The developing world presents a very different set of conditions. According to a study by McKinsey, 70 percent of India’s 2030 infrastructure has yet to be built. And while California has 80 cars per 100 residents, in India it is closer to 1.8 cars per 100 people.
Ryan Laemel, a manager in Rocky Mountain Institute’s India program, describes a “western paradigm of mobility that is dominated by private ownership and underutilized assets.” And while he warns that this paradigm has the potential to be the future for India and elsewhere, this is not a given. “Given India’s low rate of private vehicle ownership, we see an opportunity to leapfrog to a new mobility paradigm.”

Credit iStock.com
In the Indian city of Pune, where RMI is engaged in mobility work, 50 percent of people get around by walking or bicycling, with nearly 30 percent using two-wheeled motorized vehicles. Buses make up more than 10 percent of trips, leaving the share of private vehicles at just over 5 percent. An increasing number of the two- and four-wheeled vehicles on the road are for hire, including everything from rickshaw taxis to digital-ride hailing platforms like Uber or Ola.

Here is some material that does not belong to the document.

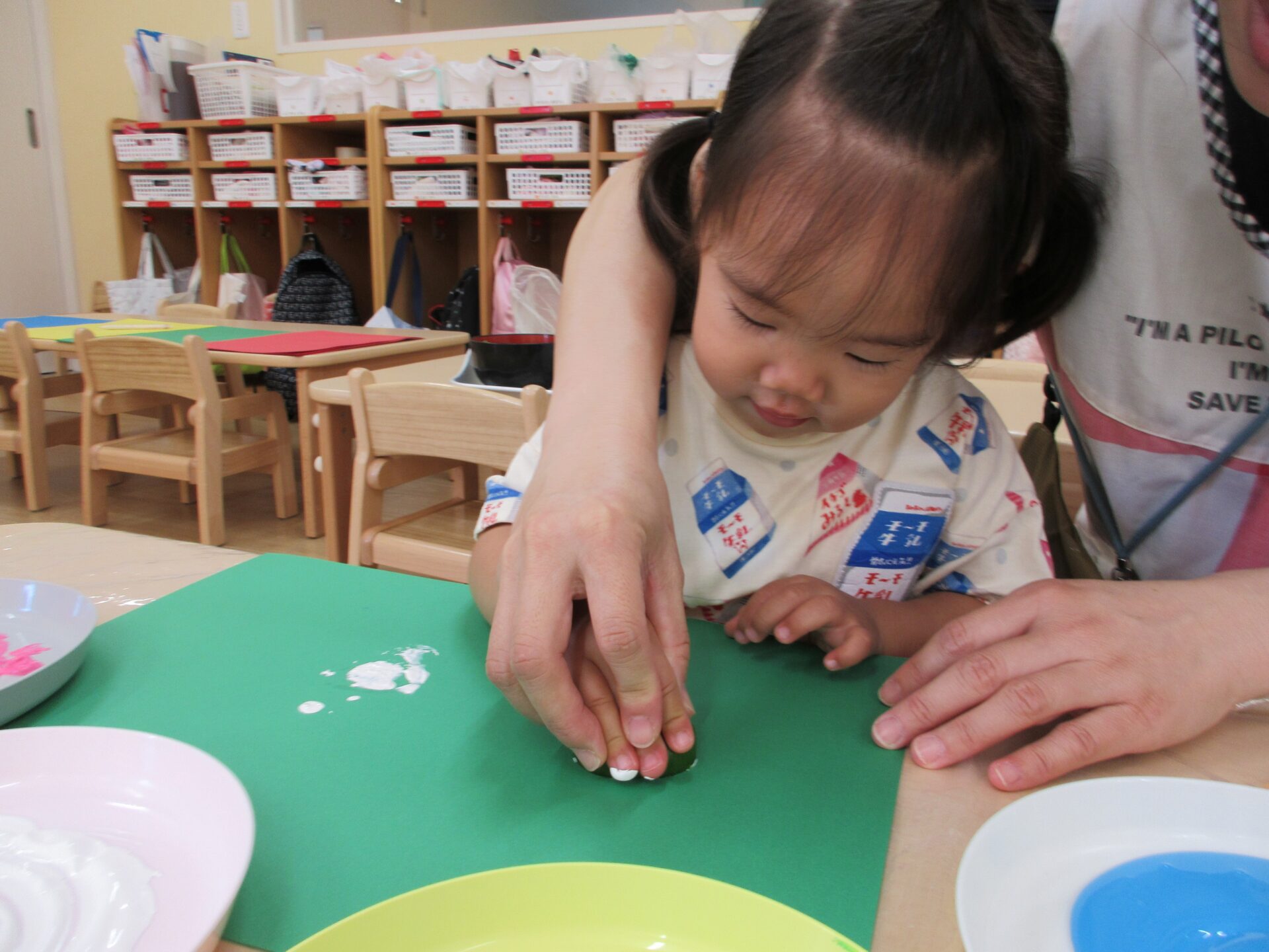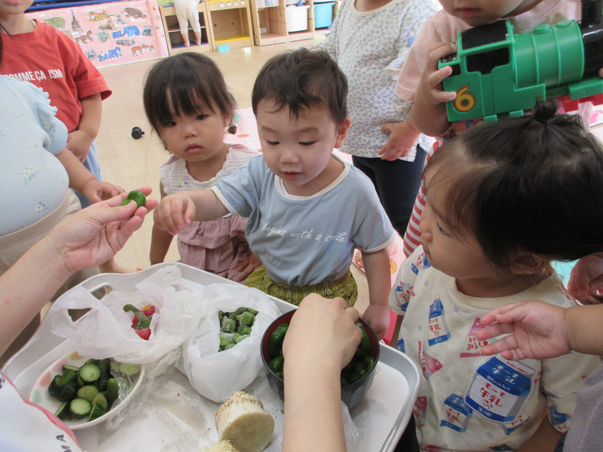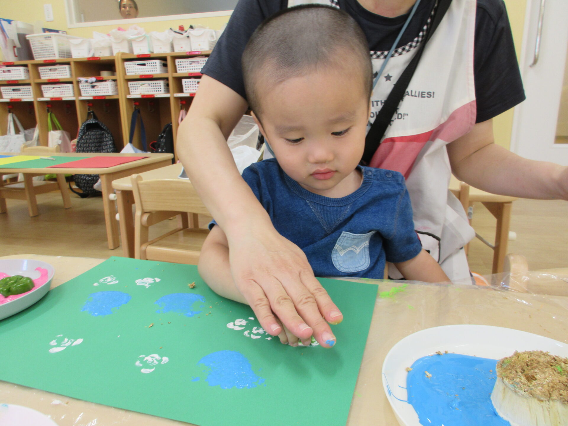 2025.08.04 お知らせ ブログ ペタペタ♪野菜スタンプ (1歳 だいちぐみ) 7月29日、野菜スタンプをしました☆キュウリやピーマン、パプリカ、エノキ、小松菜の断面を見たり、触ったりと興味津々の子どもたち。 慎重にそーっと、そーっと触ろうとしています😊 ピーマンはどんな模様になるかな~ ぺったんぺったん! お花みたいな形がいっぱいできました🌸 「これはみどりー!」と色の名前を言いながらスタンプをする子も♪ 夏ならではの野菜スタンプ、子どもたちも夢中になっていました! 一覧へ戻る

“Given India’s low rate of private vehicle ownership, we see an opportunity to leapfrog to the new mobility paradigm without going through the paradigm of the Western world.”
Laemel notes that mobility services have the potential to challenge the traditional status symbol of car ownership that has dominated the West for many decades. “Younger generations are starting to see it less as a status symbol,” he says. “It is going to have to be a true cultural shift.”
But this does not mean that Laemel accepts that cities must be designed either for cars or for people. “There is a need to reconcile that they both have their own place,” he argues.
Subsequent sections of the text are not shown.